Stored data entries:
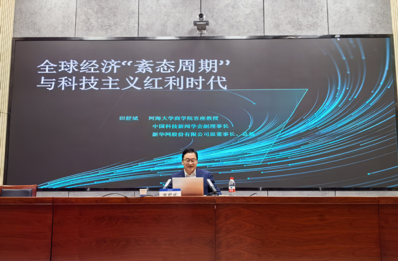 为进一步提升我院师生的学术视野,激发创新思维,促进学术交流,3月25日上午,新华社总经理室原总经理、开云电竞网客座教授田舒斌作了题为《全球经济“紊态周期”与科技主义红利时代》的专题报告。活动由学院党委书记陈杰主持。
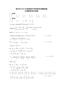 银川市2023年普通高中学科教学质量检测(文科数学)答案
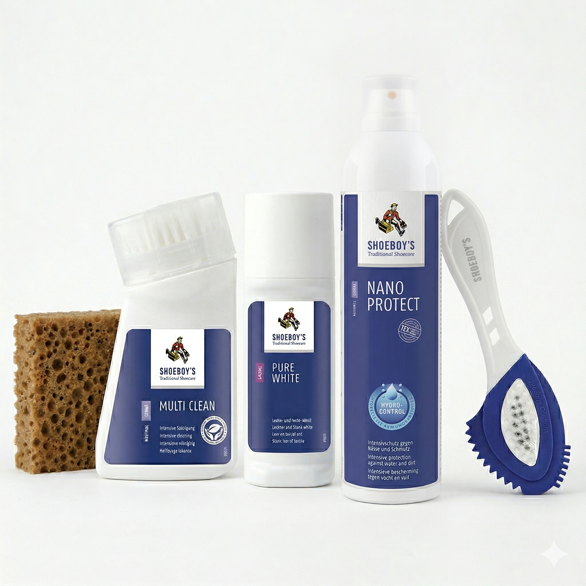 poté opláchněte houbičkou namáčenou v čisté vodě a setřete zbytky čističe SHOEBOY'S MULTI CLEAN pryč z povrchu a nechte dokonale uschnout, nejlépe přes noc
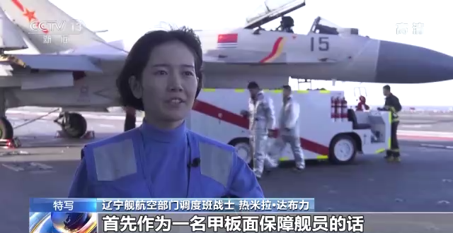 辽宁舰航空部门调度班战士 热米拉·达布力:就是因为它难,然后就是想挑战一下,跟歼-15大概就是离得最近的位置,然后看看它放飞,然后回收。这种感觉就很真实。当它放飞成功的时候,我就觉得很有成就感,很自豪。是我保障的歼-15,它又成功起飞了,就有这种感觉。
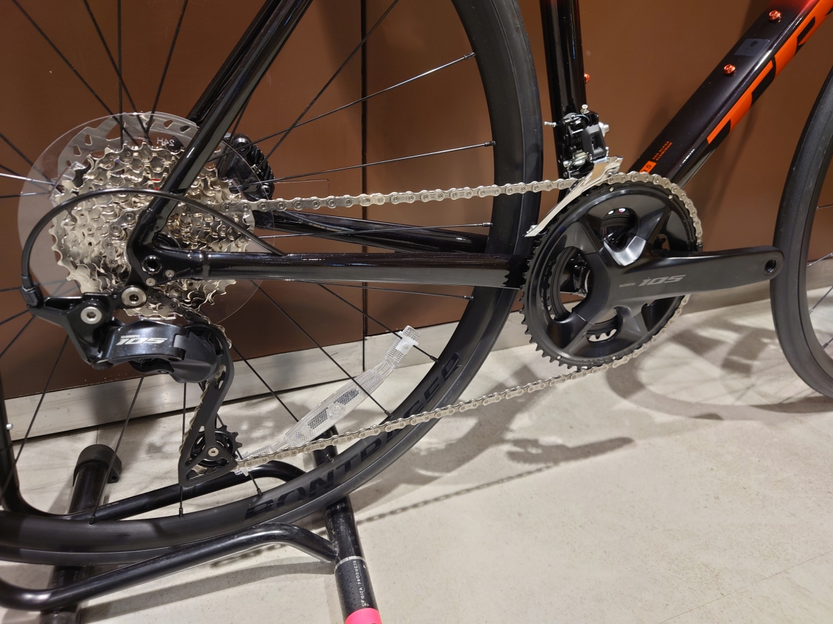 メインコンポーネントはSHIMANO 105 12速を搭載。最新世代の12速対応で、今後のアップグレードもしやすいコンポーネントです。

Task directions: From the line containing "辽宁舰航空部门调度班战士 热" to the final line of the entries, both included, transcribe every line exactly, omit the pictures, and add nothing more.

Written response:
 辽宁舰航空部门调度班战士 热米拉·达布力:就是因为它难,然后就是想挑战一下,跟歼-15大概就是离得最近的位置,然后看看它放飞,然后回收。这种感觉就很真实。当它放飞成功的时候,我就觉得很有成就感,很自豪。是我保障的歼-15,它又成功起飞了,就有这种感觉。
 メインコンポーネントはSHIMANO 105 12速を搭載。最新世代の12速対応で、今後のアップグレードもしやすいコンポーネントです。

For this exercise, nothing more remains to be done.